An antique glaze is a coating given to simulate age, which can be applied to many surfaces, such as painted finishes, or varnished items or lacquered surfaces. It can also be applied to imitation or genuine gold leaf to give an antique finish. It is always used when applying a crackle glaze.
It is also applied as part of the process when applying a crackle glaze or crackle varnish.
The glaze itself is simple to acquire, all you need is some student quality oil paint… there is no need to purchase Artist quality paint… it comes in tubes and is quite inexpensive.
What determines the colour of the glaze is what type of work you are dealing with.
If you want to apply an antique glaze to varnished pine furniture you might consider raw umber as a suitable colour.
If you wanted to apply a glaze to a lacquered picture, you might go for burnt umber.
If you were working with porcelain, to which had been applied a crackle glaze, you would think of dark grey to highlight the cracks.
Whatever colour glaze you decide you want, applying it is very straightforward.
Simply apply a little of the oil paint to a soft cloth and rub the paint into the surface, a little goes a long way.

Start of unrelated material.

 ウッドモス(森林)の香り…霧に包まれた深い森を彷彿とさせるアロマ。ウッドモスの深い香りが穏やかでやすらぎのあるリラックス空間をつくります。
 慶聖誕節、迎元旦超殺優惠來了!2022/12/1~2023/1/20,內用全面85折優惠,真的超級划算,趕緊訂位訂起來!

Then take a clean soft cloth and remove most of the paint. A film of paint will remain which will resist your attempts to remove it. It is at this stage that you judge what depth of antique glaze you wish. You can remove more of the glaze by rubbing harder, so you have control over the final effect.
Leave the surface to dry thoroughly in a warm room, and give the surface polish with a clean soft cloth.

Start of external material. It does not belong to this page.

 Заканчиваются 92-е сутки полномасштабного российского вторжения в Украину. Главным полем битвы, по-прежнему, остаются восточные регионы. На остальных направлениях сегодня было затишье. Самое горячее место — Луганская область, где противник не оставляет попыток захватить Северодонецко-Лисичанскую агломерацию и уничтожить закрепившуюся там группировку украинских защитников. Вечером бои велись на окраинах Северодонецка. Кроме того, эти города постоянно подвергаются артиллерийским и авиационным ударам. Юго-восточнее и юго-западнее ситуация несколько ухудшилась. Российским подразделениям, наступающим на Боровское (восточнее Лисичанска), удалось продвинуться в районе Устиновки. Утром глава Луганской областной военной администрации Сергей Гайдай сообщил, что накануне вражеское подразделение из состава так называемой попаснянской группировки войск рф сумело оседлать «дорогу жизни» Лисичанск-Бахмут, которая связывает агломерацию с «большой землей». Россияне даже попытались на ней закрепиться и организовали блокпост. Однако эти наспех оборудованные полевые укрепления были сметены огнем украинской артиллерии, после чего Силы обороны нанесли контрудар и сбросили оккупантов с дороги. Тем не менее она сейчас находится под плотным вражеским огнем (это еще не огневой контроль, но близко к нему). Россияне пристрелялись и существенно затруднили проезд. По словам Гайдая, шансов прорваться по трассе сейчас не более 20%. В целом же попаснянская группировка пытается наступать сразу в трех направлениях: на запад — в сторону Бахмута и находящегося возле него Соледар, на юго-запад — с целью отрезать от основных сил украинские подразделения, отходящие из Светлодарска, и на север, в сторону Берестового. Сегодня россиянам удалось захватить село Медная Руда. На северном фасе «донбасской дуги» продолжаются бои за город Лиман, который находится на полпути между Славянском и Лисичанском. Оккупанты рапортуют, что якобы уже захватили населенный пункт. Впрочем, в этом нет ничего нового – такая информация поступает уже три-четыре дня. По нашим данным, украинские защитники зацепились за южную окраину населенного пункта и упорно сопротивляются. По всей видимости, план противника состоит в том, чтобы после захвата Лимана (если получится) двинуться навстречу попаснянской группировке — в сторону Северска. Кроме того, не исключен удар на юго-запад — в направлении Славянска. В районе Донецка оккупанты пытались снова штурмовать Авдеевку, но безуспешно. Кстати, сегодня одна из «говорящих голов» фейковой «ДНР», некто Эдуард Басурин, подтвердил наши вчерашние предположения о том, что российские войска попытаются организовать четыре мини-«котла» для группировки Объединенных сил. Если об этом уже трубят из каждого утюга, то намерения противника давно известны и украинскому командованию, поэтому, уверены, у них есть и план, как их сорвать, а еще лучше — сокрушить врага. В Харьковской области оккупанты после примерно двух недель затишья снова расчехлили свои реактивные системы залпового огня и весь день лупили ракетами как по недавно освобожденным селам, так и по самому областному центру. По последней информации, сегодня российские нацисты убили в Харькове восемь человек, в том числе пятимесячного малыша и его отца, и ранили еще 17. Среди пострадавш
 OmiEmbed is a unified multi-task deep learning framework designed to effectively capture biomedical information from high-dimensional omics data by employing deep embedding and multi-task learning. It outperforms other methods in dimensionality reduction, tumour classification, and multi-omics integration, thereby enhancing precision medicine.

Finally, give the surface a coat of varnish or lacquer to seal it.
An antique glaze is often used in conjunction with the crackle glaze or crackle varnish.
Crackle glazes or varnishes fall into two types. There is the traditional 2 part crackle glaze, which has an oil based base coat and a water based top coat. And there is the modern 2 part acrylic crackle glaze which has water based base and top coats.
They both work in the same way, cracks form due to the different shrinkage rates of the two coats.
I use a modern acrylic crackle glaze as I find it more predictable in use than the traditional variety.
You simply apply the base coat and allow it to dry. Then you apply the top coat and as that coat dries the cracks form.
When completely dry it is usual to apply an antique glaze, as mentioned, this is done so as to highlight the cracks. The surplus antique glaze is wiped off with a soft cloth and given a good polish.
It is customary to seal the work with a coat of lacquer or varnish.